- Problem
Only one stretch of the listing below is wanted. Begin at the line that has "树图思维导图提供《2016年", stop after the line that has "Franklin E. León", and repeat every line in between exactly.
%%
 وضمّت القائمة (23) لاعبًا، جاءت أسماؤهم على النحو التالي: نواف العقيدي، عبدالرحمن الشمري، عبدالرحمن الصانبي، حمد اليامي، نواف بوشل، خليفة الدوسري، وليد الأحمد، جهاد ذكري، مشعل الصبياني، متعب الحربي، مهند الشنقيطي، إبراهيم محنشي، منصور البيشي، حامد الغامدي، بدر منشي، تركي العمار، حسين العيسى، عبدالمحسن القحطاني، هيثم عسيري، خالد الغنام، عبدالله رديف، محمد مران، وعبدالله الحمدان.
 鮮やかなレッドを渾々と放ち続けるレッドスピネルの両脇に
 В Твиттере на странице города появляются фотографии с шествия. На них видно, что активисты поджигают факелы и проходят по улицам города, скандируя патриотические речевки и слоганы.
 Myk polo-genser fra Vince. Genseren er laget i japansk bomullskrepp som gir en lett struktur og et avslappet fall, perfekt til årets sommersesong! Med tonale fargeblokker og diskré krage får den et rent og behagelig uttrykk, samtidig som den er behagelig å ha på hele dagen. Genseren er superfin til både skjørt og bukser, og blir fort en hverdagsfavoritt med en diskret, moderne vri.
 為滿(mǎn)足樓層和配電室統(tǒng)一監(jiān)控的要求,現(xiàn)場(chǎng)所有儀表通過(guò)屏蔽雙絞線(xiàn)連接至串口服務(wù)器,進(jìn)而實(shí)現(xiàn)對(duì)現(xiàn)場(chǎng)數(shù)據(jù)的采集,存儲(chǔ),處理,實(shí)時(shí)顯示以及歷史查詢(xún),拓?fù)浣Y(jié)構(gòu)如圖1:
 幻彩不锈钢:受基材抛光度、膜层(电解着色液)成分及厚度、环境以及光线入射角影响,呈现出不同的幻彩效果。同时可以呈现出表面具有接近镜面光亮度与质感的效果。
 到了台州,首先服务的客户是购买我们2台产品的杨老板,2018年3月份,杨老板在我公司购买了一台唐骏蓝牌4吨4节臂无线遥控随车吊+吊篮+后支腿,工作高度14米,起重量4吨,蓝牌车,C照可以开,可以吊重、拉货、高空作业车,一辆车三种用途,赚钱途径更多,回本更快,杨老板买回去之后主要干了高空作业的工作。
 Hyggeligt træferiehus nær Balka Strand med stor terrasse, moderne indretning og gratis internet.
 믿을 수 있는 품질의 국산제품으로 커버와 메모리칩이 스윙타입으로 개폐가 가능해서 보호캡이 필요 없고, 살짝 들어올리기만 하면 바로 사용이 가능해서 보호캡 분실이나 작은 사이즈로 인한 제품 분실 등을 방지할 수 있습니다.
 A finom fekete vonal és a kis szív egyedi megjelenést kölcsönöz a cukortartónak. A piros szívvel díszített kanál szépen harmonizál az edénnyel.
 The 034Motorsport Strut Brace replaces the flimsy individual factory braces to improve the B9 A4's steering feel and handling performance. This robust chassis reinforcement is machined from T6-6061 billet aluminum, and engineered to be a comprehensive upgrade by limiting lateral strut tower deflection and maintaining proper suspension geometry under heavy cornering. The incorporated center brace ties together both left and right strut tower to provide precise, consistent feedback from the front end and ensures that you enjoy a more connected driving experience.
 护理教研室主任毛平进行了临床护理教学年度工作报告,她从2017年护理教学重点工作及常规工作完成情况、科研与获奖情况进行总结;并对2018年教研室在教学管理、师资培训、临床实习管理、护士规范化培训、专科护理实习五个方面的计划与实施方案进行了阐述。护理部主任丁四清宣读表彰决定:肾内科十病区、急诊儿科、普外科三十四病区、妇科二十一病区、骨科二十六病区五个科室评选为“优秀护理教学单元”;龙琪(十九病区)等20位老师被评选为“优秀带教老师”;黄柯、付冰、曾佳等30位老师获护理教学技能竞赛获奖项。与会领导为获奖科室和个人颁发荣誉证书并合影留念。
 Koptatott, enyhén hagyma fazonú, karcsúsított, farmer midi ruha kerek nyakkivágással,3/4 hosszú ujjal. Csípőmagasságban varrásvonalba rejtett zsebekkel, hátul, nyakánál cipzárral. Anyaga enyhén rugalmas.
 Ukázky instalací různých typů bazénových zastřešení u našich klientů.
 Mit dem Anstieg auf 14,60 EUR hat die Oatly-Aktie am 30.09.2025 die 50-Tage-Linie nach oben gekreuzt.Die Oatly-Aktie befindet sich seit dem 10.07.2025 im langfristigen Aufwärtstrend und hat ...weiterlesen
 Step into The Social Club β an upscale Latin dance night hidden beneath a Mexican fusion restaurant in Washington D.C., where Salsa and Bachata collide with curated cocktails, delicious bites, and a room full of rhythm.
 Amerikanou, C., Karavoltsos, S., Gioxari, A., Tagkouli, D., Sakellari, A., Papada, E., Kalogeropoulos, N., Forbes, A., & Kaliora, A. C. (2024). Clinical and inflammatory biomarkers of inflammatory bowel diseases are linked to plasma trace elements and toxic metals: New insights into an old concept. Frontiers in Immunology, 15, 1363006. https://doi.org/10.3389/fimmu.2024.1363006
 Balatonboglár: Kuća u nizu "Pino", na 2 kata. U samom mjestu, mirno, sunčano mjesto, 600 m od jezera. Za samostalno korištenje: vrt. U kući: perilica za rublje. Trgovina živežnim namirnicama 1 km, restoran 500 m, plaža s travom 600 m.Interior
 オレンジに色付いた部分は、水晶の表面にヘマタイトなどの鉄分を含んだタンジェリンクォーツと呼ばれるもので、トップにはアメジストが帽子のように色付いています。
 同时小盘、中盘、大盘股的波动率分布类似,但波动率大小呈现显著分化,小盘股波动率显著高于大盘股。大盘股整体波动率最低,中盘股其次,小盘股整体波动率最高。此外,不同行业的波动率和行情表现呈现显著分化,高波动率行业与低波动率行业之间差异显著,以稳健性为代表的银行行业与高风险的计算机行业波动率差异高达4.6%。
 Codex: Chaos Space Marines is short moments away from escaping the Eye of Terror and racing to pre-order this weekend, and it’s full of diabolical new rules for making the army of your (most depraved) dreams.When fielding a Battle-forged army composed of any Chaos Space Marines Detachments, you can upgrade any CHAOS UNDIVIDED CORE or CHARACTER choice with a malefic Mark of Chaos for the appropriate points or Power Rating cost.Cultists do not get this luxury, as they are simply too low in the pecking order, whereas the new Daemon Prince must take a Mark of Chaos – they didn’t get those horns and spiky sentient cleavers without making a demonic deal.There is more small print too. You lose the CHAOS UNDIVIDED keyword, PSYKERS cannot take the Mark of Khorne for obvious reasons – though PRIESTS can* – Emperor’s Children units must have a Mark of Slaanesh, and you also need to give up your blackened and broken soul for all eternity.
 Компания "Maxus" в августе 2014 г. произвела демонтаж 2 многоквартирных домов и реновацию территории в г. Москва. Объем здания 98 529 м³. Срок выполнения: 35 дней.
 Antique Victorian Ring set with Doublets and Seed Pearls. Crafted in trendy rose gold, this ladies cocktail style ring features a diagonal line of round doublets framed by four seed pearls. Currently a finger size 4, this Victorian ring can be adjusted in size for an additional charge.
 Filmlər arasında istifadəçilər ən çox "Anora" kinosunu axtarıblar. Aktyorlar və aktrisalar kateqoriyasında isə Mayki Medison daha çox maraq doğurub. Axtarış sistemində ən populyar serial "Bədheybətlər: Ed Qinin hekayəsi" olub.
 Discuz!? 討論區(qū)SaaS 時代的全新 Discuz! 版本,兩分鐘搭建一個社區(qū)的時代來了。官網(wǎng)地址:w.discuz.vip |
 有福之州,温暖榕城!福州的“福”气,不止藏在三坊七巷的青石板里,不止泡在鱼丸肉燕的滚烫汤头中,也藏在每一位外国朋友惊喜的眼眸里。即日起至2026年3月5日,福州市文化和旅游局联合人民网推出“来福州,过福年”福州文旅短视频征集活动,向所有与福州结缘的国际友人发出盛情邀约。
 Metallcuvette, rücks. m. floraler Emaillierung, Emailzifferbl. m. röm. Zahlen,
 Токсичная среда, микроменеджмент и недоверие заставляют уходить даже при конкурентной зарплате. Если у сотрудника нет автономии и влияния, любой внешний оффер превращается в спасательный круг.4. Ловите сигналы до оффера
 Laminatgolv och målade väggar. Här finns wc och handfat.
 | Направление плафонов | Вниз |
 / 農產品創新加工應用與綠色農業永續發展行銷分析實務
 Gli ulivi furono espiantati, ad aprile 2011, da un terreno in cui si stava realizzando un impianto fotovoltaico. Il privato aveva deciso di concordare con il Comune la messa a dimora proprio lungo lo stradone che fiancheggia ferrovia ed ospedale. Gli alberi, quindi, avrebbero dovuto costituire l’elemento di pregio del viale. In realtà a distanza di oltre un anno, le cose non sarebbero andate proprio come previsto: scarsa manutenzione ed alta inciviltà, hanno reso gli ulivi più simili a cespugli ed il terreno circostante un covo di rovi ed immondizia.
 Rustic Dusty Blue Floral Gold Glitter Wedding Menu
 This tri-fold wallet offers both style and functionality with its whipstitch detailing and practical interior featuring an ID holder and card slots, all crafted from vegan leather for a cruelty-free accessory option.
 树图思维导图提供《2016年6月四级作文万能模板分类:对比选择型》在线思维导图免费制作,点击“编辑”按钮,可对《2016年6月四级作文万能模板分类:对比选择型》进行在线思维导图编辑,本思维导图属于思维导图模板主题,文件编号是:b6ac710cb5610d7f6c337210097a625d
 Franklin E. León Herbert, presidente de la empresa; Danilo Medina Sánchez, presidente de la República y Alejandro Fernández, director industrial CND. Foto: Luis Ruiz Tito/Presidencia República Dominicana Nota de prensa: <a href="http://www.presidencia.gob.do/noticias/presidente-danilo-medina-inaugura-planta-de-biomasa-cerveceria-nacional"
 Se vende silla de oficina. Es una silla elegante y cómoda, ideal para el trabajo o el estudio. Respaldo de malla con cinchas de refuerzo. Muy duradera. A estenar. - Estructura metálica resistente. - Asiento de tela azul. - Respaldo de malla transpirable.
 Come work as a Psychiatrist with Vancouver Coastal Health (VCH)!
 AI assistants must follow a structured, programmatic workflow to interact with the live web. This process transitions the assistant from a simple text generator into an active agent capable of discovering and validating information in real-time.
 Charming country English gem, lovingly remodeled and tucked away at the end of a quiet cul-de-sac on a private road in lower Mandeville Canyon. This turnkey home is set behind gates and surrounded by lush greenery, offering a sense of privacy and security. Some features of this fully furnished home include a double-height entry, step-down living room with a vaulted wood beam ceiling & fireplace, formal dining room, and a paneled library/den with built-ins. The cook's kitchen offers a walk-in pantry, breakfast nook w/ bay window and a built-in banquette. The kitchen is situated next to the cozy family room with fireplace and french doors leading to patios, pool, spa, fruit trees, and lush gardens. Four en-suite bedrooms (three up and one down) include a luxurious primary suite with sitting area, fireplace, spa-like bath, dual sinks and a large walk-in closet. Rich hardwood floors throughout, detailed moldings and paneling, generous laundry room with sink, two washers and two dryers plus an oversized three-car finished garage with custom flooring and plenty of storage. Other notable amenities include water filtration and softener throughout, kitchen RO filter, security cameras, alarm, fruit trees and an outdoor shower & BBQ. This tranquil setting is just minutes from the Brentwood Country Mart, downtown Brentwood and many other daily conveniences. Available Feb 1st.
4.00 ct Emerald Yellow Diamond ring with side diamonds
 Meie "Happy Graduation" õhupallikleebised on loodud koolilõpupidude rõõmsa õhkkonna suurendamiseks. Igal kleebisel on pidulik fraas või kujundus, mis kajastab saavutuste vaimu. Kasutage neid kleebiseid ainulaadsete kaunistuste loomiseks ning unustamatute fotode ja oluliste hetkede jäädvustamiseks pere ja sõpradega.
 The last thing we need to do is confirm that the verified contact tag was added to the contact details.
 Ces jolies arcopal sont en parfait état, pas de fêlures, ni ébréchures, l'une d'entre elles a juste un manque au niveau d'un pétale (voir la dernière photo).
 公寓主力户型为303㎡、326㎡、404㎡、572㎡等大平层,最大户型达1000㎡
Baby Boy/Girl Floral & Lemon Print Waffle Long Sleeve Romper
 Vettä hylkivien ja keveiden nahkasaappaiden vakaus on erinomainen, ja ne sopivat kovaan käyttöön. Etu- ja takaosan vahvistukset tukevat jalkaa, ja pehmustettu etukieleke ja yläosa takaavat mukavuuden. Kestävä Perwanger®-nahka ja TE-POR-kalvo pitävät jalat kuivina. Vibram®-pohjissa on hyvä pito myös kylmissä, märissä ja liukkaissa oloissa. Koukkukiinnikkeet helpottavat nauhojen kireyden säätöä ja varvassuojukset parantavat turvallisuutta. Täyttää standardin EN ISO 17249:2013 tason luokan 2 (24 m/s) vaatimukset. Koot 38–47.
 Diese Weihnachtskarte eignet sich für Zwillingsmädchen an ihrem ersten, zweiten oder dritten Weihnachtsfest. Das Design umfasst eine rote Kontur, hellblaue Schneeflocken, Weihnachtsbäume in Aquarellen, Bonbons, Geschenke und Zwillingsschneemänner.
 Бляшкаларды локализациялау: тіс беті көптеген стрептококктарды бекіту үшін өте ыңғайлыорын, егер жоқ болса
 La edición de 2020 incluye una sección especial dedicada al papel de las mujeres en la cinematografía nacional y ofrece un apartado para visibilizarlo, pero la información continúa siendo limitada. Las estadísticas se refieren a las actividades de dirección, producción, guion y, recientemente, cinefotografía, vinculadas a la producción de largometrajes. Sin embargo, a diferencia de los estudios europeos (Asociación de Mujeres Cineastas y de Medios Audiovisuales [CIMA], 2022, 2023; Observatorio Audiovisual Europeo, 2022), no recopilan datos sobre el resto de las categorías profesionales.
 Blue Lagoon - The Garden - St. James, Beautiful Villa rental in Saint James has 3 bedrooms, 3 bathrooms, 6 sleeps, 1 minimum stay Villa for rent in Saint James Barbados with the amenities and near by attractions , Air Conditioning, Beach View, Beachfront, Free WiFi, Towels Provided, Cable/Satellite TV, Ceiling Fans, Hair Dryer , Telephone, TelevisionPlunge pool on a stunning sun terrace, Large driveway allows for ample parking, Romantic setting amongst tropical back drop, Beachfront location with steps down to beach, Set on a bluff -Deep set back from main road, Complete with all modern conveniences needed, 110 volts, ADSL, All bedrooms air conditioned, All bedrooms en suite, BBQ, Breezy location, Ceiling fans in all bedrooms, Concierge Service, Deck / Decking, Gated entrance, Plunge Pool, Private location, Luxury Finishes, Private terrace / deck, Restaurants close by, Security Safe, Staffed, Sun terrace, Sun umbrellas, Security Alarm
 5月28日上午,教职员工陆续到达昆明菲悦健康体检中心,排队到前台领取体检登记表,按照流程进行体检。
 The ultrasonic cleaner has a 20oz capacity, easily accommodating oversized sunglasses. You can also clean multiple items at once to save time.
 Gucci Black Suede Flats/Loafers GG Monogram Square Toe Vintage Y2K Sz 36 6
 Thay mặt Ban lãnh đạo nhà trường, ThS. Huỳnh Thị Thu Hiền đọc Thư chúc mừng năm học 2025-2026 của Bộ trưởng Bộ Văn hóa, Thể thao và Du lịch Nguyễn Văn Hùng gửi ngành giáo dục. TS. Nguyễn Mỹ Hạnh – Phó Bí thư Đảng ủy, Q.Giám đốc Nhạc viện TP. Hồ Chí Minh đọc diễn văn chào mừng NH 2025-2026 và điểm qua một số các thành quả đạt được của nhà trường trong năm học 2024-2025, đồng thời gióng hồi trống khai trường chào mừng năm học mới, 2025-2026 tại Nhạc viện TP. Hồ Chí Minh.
%%
- Task answer
 树图思维导图提供《2016年6月四级作文万能模板分类:对比选择型》在线思维导图免费制作,点击“编辑”按钮,可对《2016年6月四级作文万能模板分类:对比选择型》进行在线思维导图编辑,本思维导图属于思维导图模板主题,文件编号是:b6ac710cb5610d7f6c337210097a625d
 Franklin E. León Herbert, presidente de la empresa; Danilo Medina Sánchez, presidente de la República y Alejandro Fernández, director industrial CND. Foto: Luis Ruiz Tito/Presidencia República Dominicana Nota de prensa: <a href="http://www.presidencia.gob.do/noticias/presidente-danilo-medina-inaugura-planta-de-biomasa-cerveceria-nacional"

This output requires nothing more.